Compare with the MCP-client default (Claude Desktop / Cursor) which auto-namespaces as server__toolname. MCP clients adopt that convention because they aggregate untrusted 3rd-party servers with uncoordinated naming. Trailblaze assumes curated, first-party authoring — the team running the trails owns (or consciously vets) every tool source. Authors handle collisions by coordinating names in source per Decision 014’s category prefixes, not by layering transforms at registration.

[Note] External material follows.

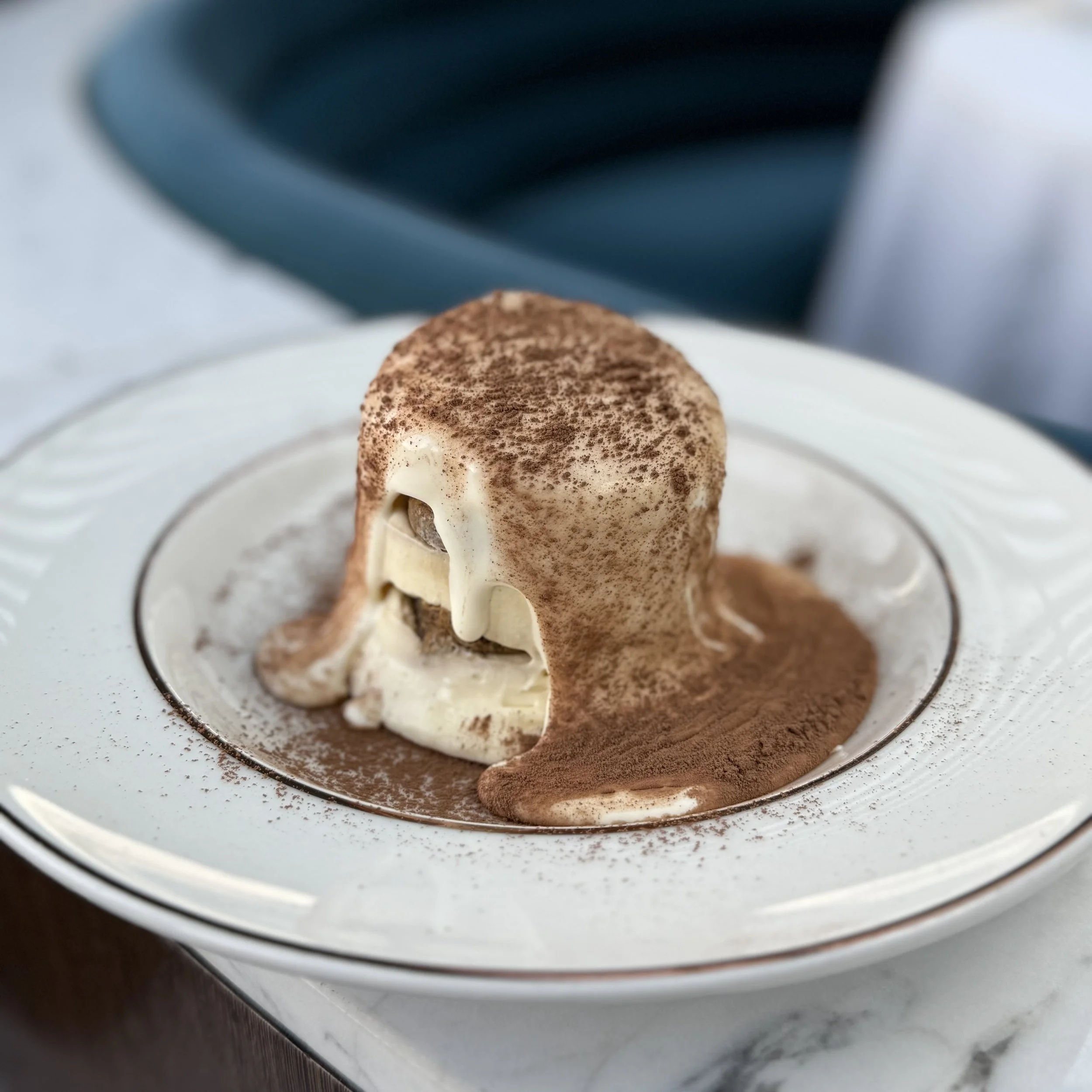 Sponge soaked in coffee , mascarpone cream , and cacao topping

What this means in practice

  • Authors follow Decision 014’s categories and prefix their tools appropriately at the source. A subprocess MCP server for an app’s login tools uses {app}_{verbNoun} names (e.g., myapp_logInWithEmail); a universal primitive like scroll stays unprefixed.
  • 3rd-party MCP servers with generic names (list, get, search) that would collide with reserved prefixes or in-house tools: fork or wrap the server so the advertised names match Decision 014’s categories. Don’t plug a server with collision-prone names into the registry and hope for the best. Trailblaze is curatorial about tool sources, not automatic.
  • Renaming a tool is a breaking change for recordings. Decision 014’s versioning (_v2 / _v3 suffix) is the documented path — version deliberately, migrate recordings, don’t do it casually.

Collision matrix

Scenario Result
Two tools from any sources share a name Error at registration; author renames one source to resolve per Decision 014
Tool moved between sources (Kotlin ↔ JS/TS) keeping its name Trails unchanged; re-register with the new source
Subprocess advertises a name that violates Decision 014 (e.g., collides with a reserved prefix) Author-discipline today (no reserved-prefix validator exists yet — same as for Kotlin tools). Will be a registration error when a validator lands across all sources.

Future consideration

If a concrete use case emerges for mechanical namespace shifting (e.g., adopting a specific 3rd-party MCP ecosystem convention), this section could add an overlay mechanism in an additive, backward-compatible way — Decision 014’s category-based naming remains the default. For MVP: advertised name = registered name, no overlay.

Package layout

A single @trailblaze/scripting TypeScript package exports:

  • Types (@trailblaze/scripting) — TrailblazeTool (extended MCP Tool with a typed _meta shape for the trailblaze/* vendor keys), TrailblazeContext, variant types.
  • Result helpers (@trailblaze/scripting/result) — success(), error(), fatalError(), missingRequiredArgs(), etc., all producing MCP-compliant CallToolResult objects with the _meta.trailblaze envelope.

Authors install it as a dev-dep (types-only) or a runtime dep (if they use the result helpers). It never runs any Trailblaze code at build-time — it’s just types + tiny pure-JS object-constructors.